> [The task] Starting at the line that contains "- 120L Large", retype each line to the end of the listing below. Include both ends, but not the pictures.

> [Source data]
_____
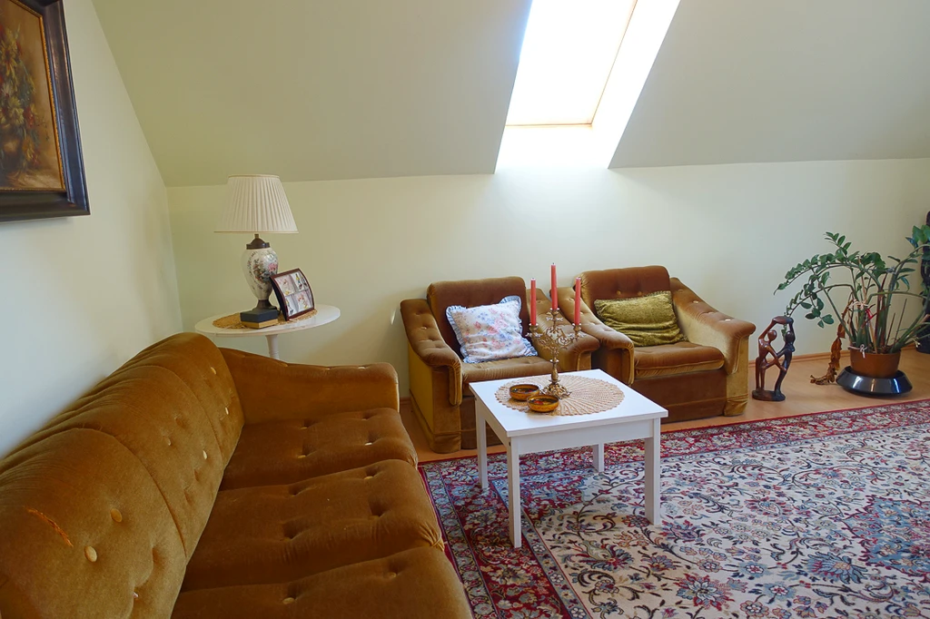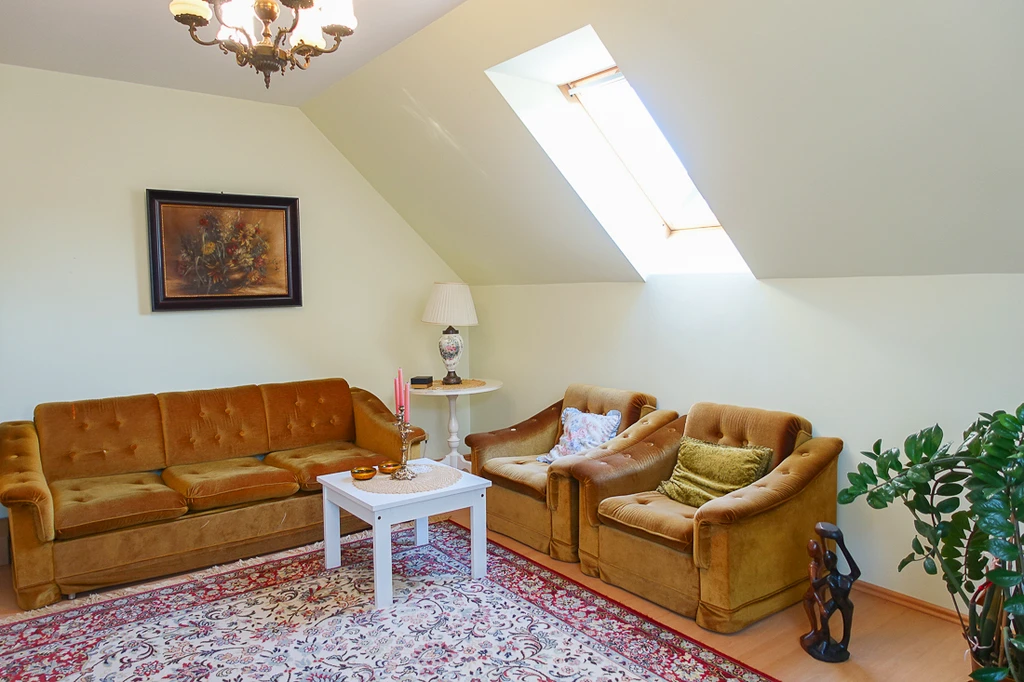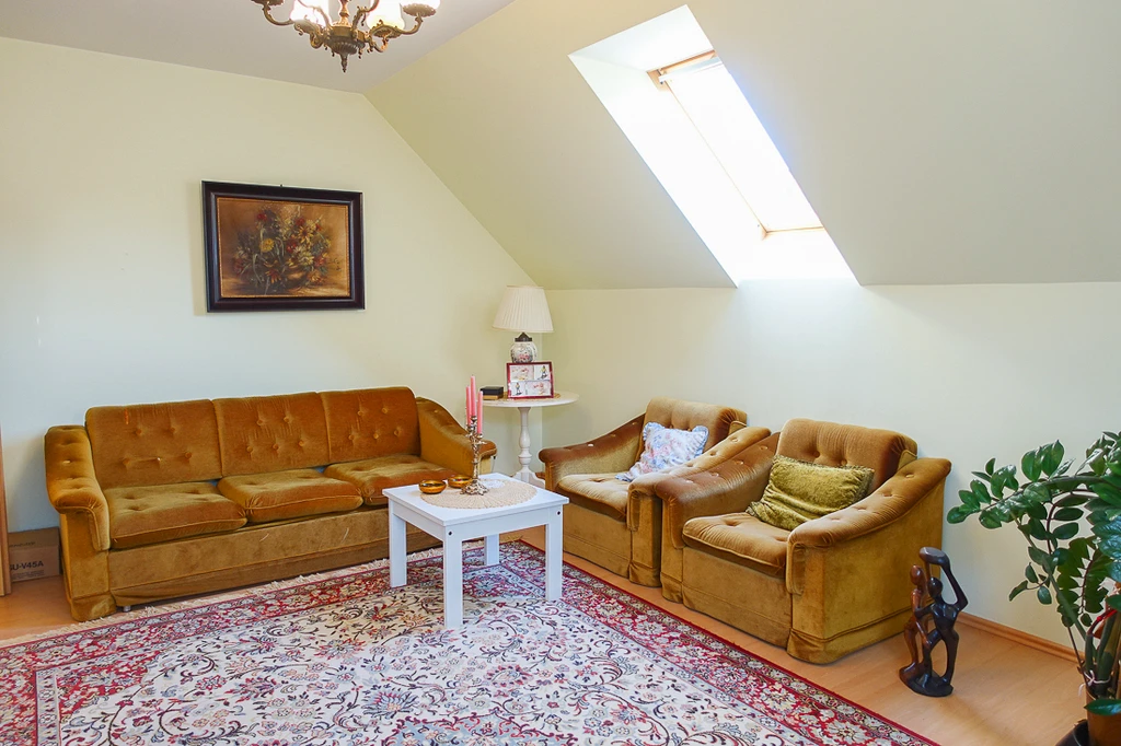 Zugang über eine ausziehbare Treppe vom Flur aus. Der Dachboden ist isoliert, hat in der Spitze eine Höhe von etwa 2,65 m und bietet drei separate Abstellräume mit Dachfenstern.
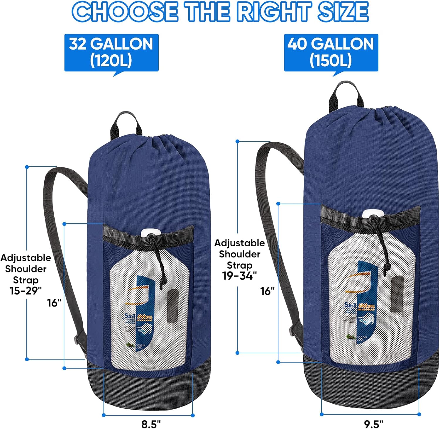 - 120L Large Laundry Bag: These travel laundry bags measure 29 "H X 13 "L with a large capacity of up to 120 L, enough for holding 2-3 batches of clothes; They also feature two front mesh wash pockets (16 "H X 8.5"L each), making your laundry backpack have space for storing detergent, shoes, and other essentials
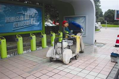 日前,市政处组织工作人员检查路桥大道路面情况。路桥大道是主城区重要的交通道路,因日常车流量较大,造成路面破损、翘起,坑洼不平,严重影响市民出行。10月15日起,市政处开始对路桥大道进行修补改造。图为工人正在对电力大厦前自行车租赁点的路面进行切割。
_____
> [Task answer]
 - 120L Large Laundry Bag: These travel laundry bags measure 29 "H X 13 "L with a large capacity of up to 120 L, enough for holding 2-3 batches of clothes; They also feature two front mesh wash pockets (16 "H X 8.5"L each), making your laundry backpack have space for storing detergent, shoes, and other essentials
 日前,市政处组织工作人员检查路桥大道路面情况。路桥大道是主城区重要的交通道路,因日常车流量较大,造成路面破损、翘起,坑洼不平,严重影响市民出行。10月15日起,市政处开始对路桥大道进行修补改造。图为工人正在对电力大厦前自行车租赁点的路面进行切割。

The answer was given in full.